The Yale lawsuit is one of a growing number of Employee Retirement Income Security Act cases to argue that plan fiduciaries should be held liable if they offer more expensive retail share classes when identical institutional share classes are available at a lower cost. The federal courts have disagreed over whether this is a viable claim under ERISA. Judges have allowed such claims to proceed against Cornell, Emory, and MIT, while Johns Hopkins, Columbia, and the University of Pennsylvania saw such claims dismissed. In 2017, a long-running class action against Edison International forced the company to pay more than $13 million for retirement plan violations, including its decision to offer retail share classes.
Yale is one of more than a dozen prominent colleges to be hit with proposed class actions challenging their retirement plans in recent years. So far, the University of Pennsylvania is the only school to defeat one of these cases outright, with judges allowing similar challenges to proceed against Cornell, Columbia, Duke, Emory, New York University, Johns Hopkins, Princeton, Vanderbilt, and the University of Chicago.

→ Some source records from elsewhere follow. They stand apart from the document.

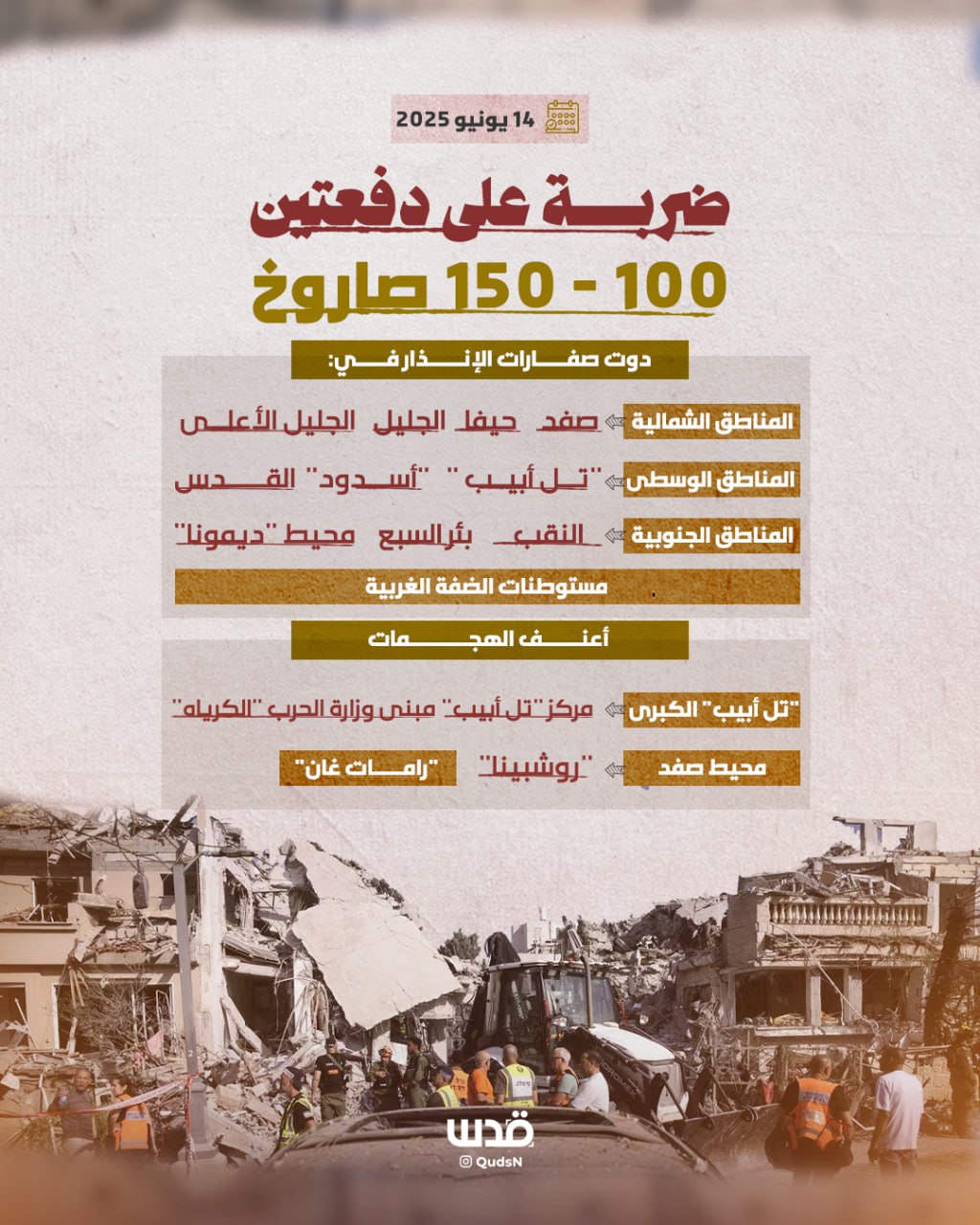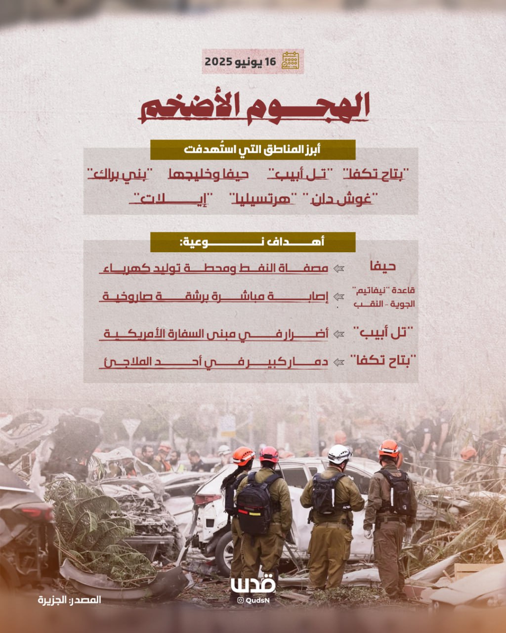 أبرز الأهداف الإيرانية في الداخل المحتل بعد استهداف مئات الصواريخ النوعية والمسيّرات التي أطلقتها إيران لليوم الثالث على التوالي. On يونيو 16, 2025
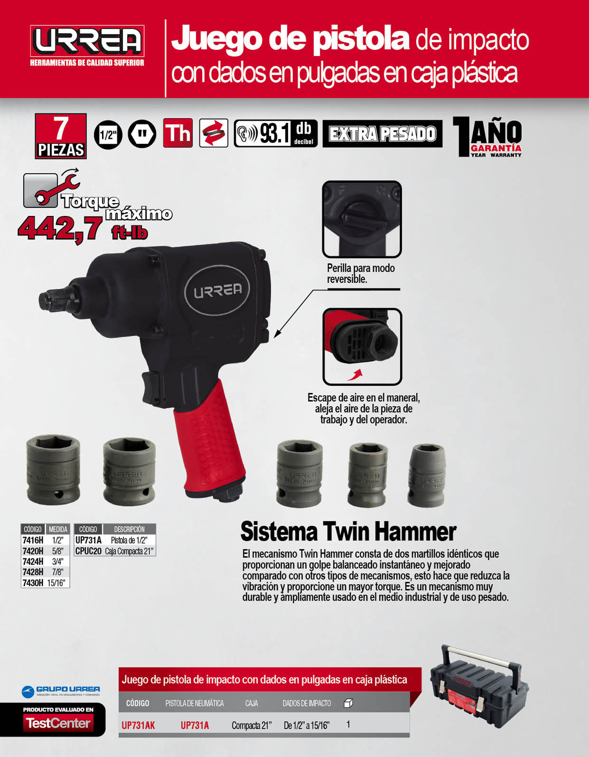 -Juego pistola neumática UPC731A de 1/2″ 10 pzs en pulg Urrea
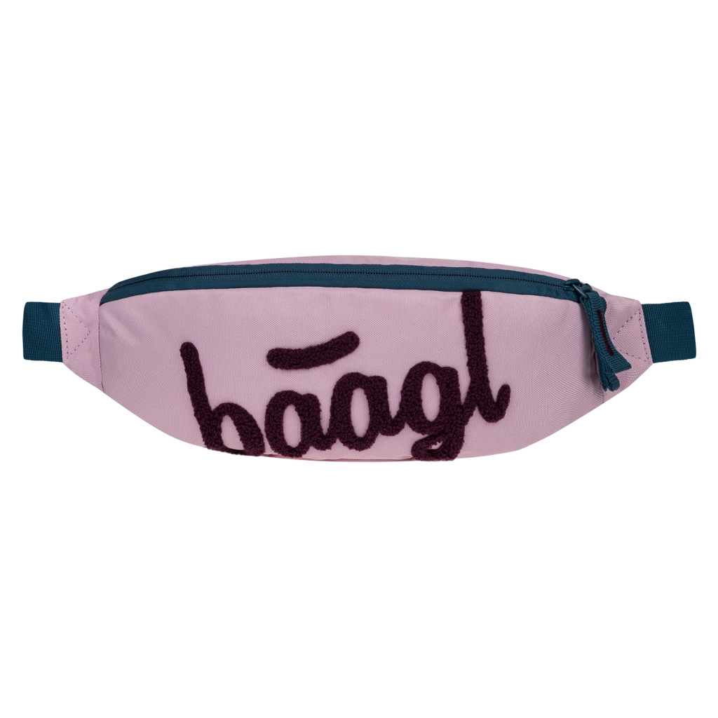 Kompaktes Federmäppchen mit doppelt aufklappbarer Lasche und Fach, faltbare 22-l-Sporttasche, leichte Bauchtasche für Essentials und passende Laptop-Hülle – alles im einheitlichen Rose-Design.
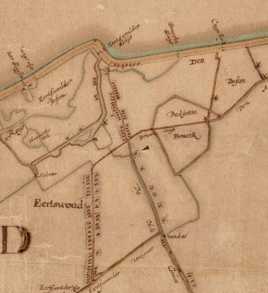 Detail van de grote manuscriptkaart van Johannes Dou, 1657. Westfries Archief, Hoorn.
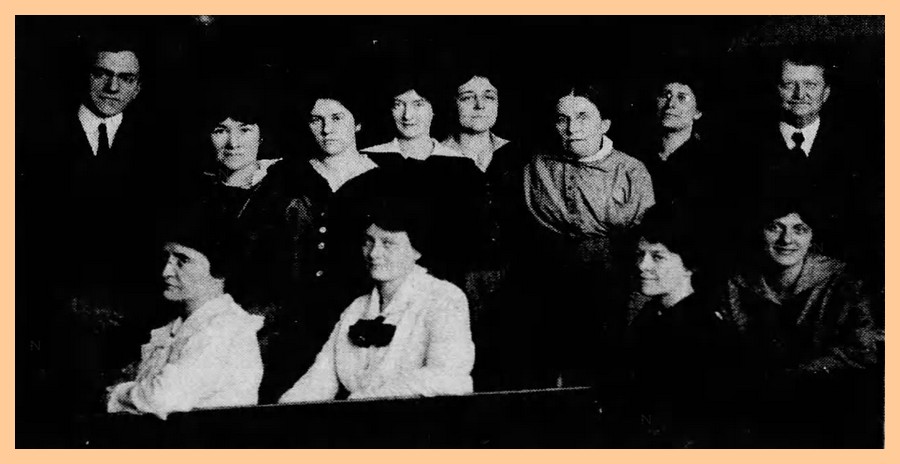 Back Row (standing): Mr. Kiehl; Emma Lawler; Winifred Evans; Margaret Walsh; Margaret Boyer, principal; Fannie Moore; Laura Beider; C. C. Kehler.
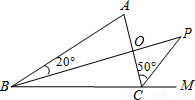 解答 解:如图:∵∠A+∠ABP+∠AOB=∠P+∠PCA+∠POC=180°,∠AOB=∠POC,∴∠A+∠ABP=∠P+∠PCA,∴∠A-∠P=∠PCA-∠ABP,∵∠ABP=20°,∠ACP=50°,∴∠A-∠P=30°,故答案为:30°.
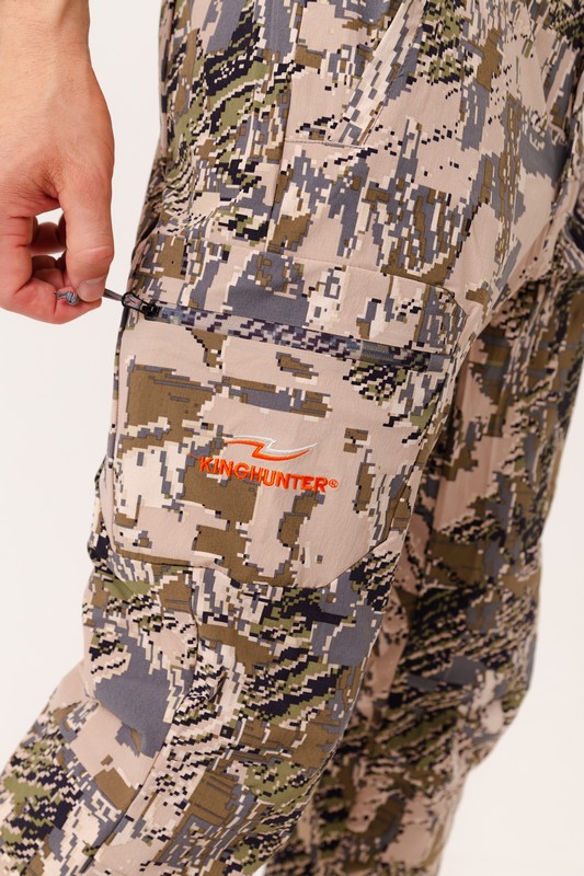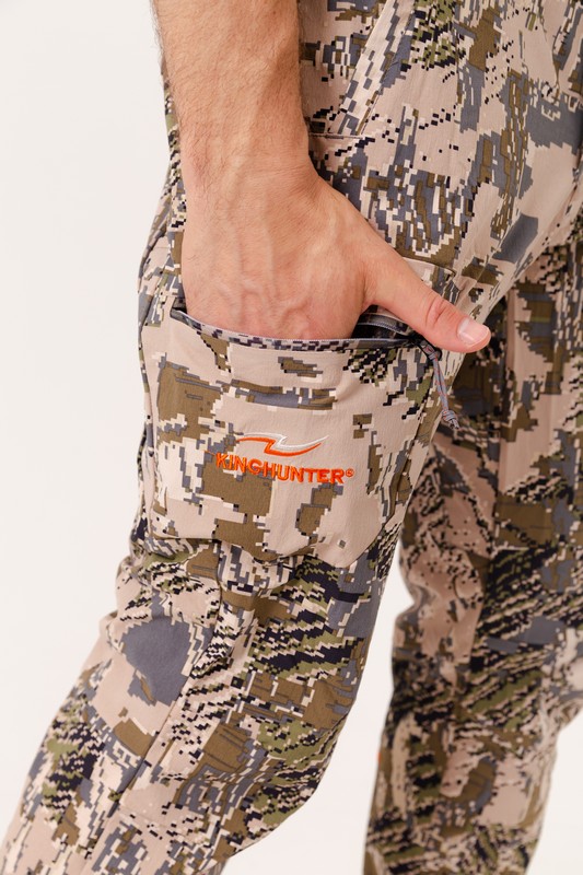 Костюм King Hunter SUMMER LIGHT является самым дышащим и паропроницаемым вариантом в линейке King Hunter. Это основной выбор охотников и рыбаков для жаркой погоды. Костюм изготовлен из быстросохнущего нейлонового материала с четырехсторонней растяжимостью, что помогает сохранять прохладу в жаркую погоду. Брюки и куртка имеют анатомический крой, специально предназначенный для активного передвижения. Костюм эффективно выводит наружу тепло и испарения тела, обеспечивая комфорт при прохождении любых расстояний. Для улучшения вентиляции все карманы оснащены сетчатой подкладкой.
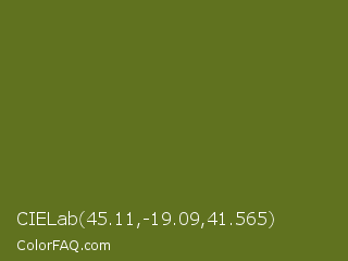 CIELab 45.11,-19.09,41.565 Color is a dark lime color and the nearest color is Fern Frond #657220. Hex code #60721f and RGB value is rgb(96,114,31). In RGB color space, this color is composed of 38% red, 45% green, 12% blue, In CMYK color space, this color is composed of 16% cyan, 0% magenta, 73% yellow , 55% black , In HSL color space, this color has a hue angle of 73° , 57% saturation and 28% lightness.
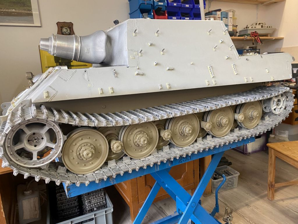 Apropos Ketten: meine Stahlketten wurden in D konstruiert und auf dem Balkan gefertigt (im Wachs-Ausschmelzverfahren). Es ist nicht die übliche Kette, sondern der zu Kriegsende eingeführte einteilige Kettentyp KGS 73/800/152 mit dem 18-zähnigen Treibrad, wie es zu Anfangszeiten des Königstigers schon mal benutzt worden war. Der Erbauer hat sich nicht gescheut, die Dinger aus Panzerstahl gießen zu lassen und auch bei den Formen erheblichen Aufwand zu treiben.

The March 30 decision in the Yale case was mostly a victory for the university workers who filed suit, but the judge did dismiss some claims against the school. The judge dismissed allegations that the school acted disloyally in managing its retirement plan.
The judge also said it wasn’t wrong for Yale to offer “too many” investment options in its retirement plan. The workers said overly large investment lineups leave employees confused and paralyzed by indecision, but the judge said they offered no indication that any specific employee was actually confused by Yale’s investment lineup.
Judge Alvin W. Thompson of the U.S. District Court for the District of Connecticut wrote the decision.
Schlichter Bogard & Denton LLP and Cohen & Wolf PC represent the university workers. Mayer Brown LLP represents Yale.
The case is Vellali v. Yale Univ., D. Conn., No. 3:16-cv-01345-AWT, order partly denying motion to dismiss 3/30/18.